Please read carefully and understand proper risk management

Always follow this 2% rule before doing any trading activities.



Knowing about risk/reward ratio (RRR) will improve your chances of becoming profitable in the long run, setting limit orders (stop-loss and take-profit) that protect your capital.

A RRR measures and compares the distance between your entry point and your stop-loss and take-profit orders.

For example

Let's say that you're shorting BTC/USD.

you have entry at 8500 and your stop-loss at 8600,

the distance between your entry point and your take-profit is 8200

then you would be using a RRR of 1:3 because you're risking 1% to earn 3% profit.

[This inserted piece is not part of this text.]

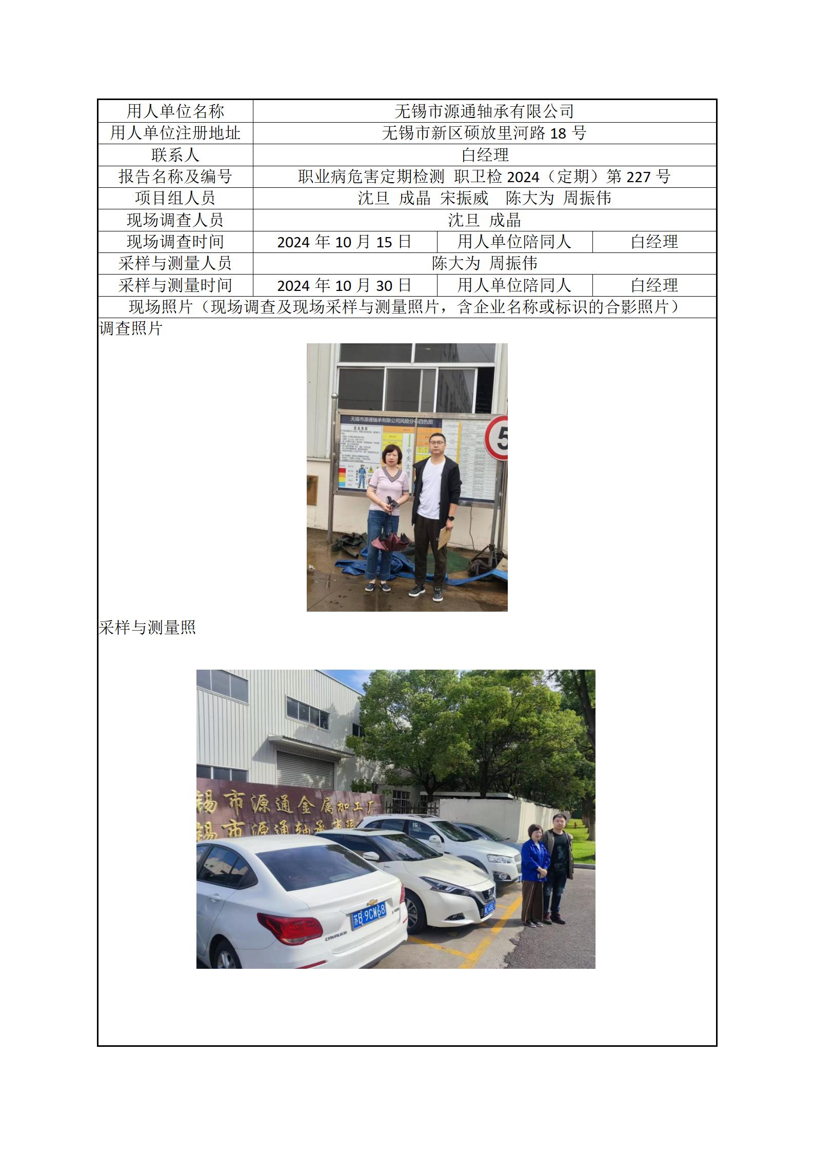 现场采样每日上报(无锡市源通轴承有限公司)

The risk/reward ratio is a necessary tool to set your stop-loss and take-profit orders depending on your risk tolerance, and every wise trader should control the downside risk.

Even though determining a RRR depends on each trader's risk tolerance, it's common to use a risk/reward ratio of 1:3, where you expect to earn 3 times what you're willing to lose.


When thinking about risks, you also need to consider your trading capital.

You should only invest a small portion of your trading capital per trade: a good starting point would be to not invest more than 2% of your available capital per trade.

Expert tip

If you have $10,000 in your trading account, the maximum loss allowable would be $200 per trade.

Determining the risk per trade is a helpful tool if you go through a losing streak, so then you can better protect your trading capital, and avoid large drawdowns in your trading account.


Most beginners will increase the size of their positions as soon as they're making profits, which is one of the best ways to get your account wiped out. Keep your risk consistent!

Just because you've made a few winning trades doesn't mean that the next one is going to be profitable.

Do not become over-confident and less risk-averse, as that will lead to you changing your money and risk management rules without solid reasons.

When you worked on your trading plan, you had to set up rules to decide about an effective size for your positions. This is just one step in establishing a successful trading method, now you need to stick to and follow your investment plan!

What are the things we need to avoid?

Avoid Revenge Trading - Revenge trading happens after a trader suffers a significant loss. Rather than look to their strategy and make sensible decisions around the incident, they jump straight back in.

And that's when things become challenging.

Angry, and determined to come out on top, the traders will find themselves in one of two scenarios. They will either end up ploughing a lot of money into a trade that loses, making their losses even bigger, or they will manage to come out on top a little, and simply reduce their loss.

How to overcome it?

here is a simple process of improvement that should help you manage any revenge trading issues. We're talking about 'on the day' stuff here. If revenge trading happens to you, and you start to incur losses, then consider the following steps:

1. Follow Proper Risk Management Never invest 100% or all in your total capital in just 1 trade.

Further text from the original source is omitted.